In Park City, and other small Utah towns, aging in place offers tough choices

For Park City Senior Center President Cheryl Soshnik, the question of what happens when assisted living becomes a necessity is at the top of her mind.
Sean Higgins
/
KUER
For Park City Senior Center President Cheryl Soshnik, the question of what happens when assisted living becomes a necessity is at the top of her mind.

The Park City Senior Center is an unassuming brown and tan building that almost looks out of place nestled between the high-rise condo complexes and multi-million-dollar homes that line the rest of Woodside Avenue.

For the senior center’s president, Cheryl Soshnik, and her friends, one topic comes up again and again in conversation: Where will they go when they can no longer take care of themselves?

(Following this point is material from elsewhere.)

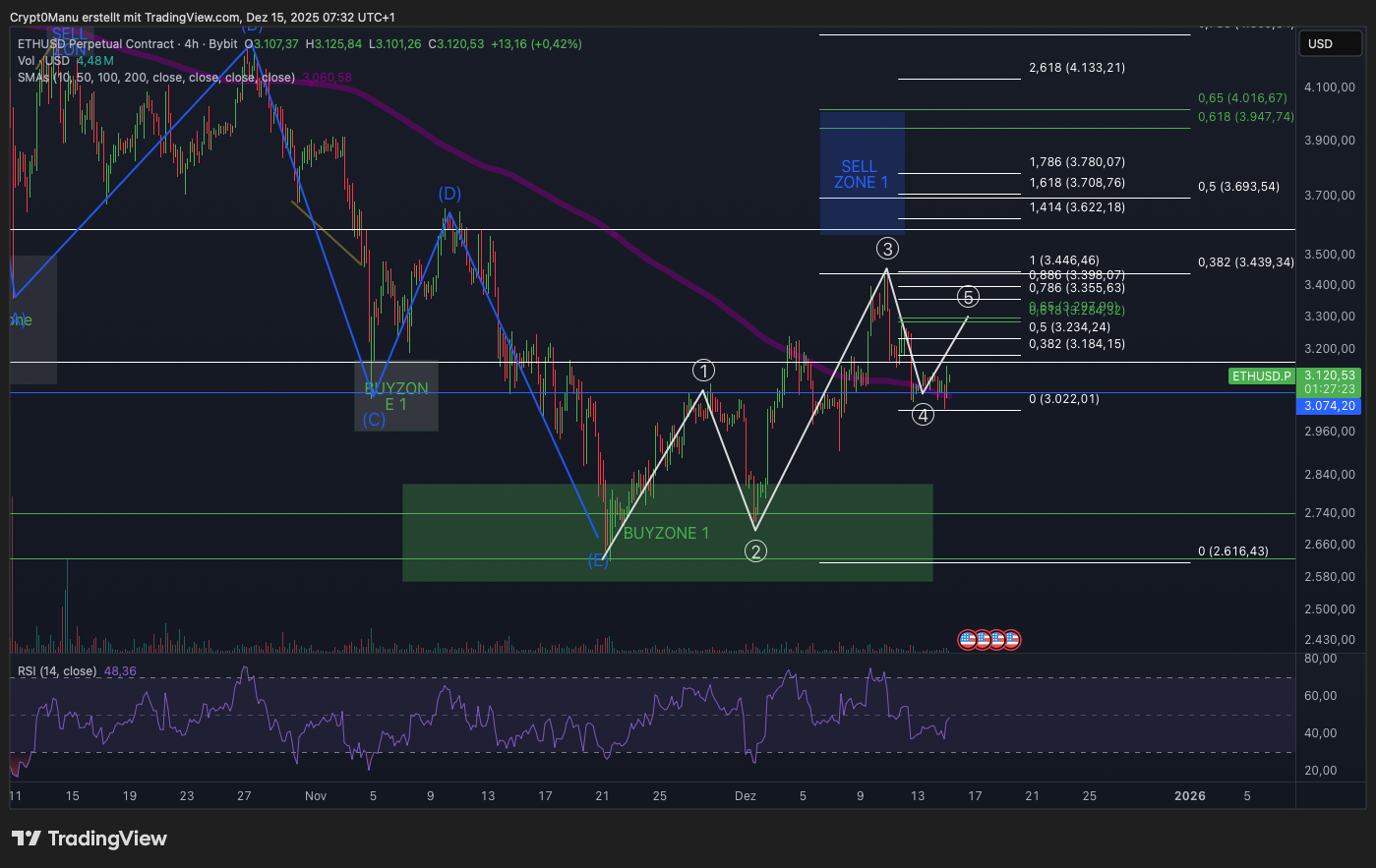Ethereum (ETH) sieht weiterhin deutlich besser aus als der Bitcoin Chart. Hier haben wir letzte Woche unser Welle 3 Ziel wirklich punktgenau abgearbeitet und nun gegen Ende der Woche die Welle 4 abgeschlossen.

“I really would like to stay here. I've been here since ‘81,” she said during the center’s twice-a-week lunch. “This is my home and I have 13 steps to get up to my house. And then once I get in there, I got a second floor and a basement and I can handle it really well right now. But what if I fall and break my hip? Then I can't. And where am I going to go?”

The problem is, right now, there’s nowhere for her to go in the Park City area.

Of the 220 licensed assisted living facilities in Utah, many of them are located in the population centers along the Wasatch Front or the St. George area in southern Utah. The closest facility to people in western Summit County is over the mountains in Salt Lake City.

The Park City Senior Center boasts over 450 members. Lunch is offered on Mondays and Thursdays.
Sean Higgins
/
KUER
The Park City Senior Center boasts over 450 members. Lunch is offered on Mondays and Thursdays.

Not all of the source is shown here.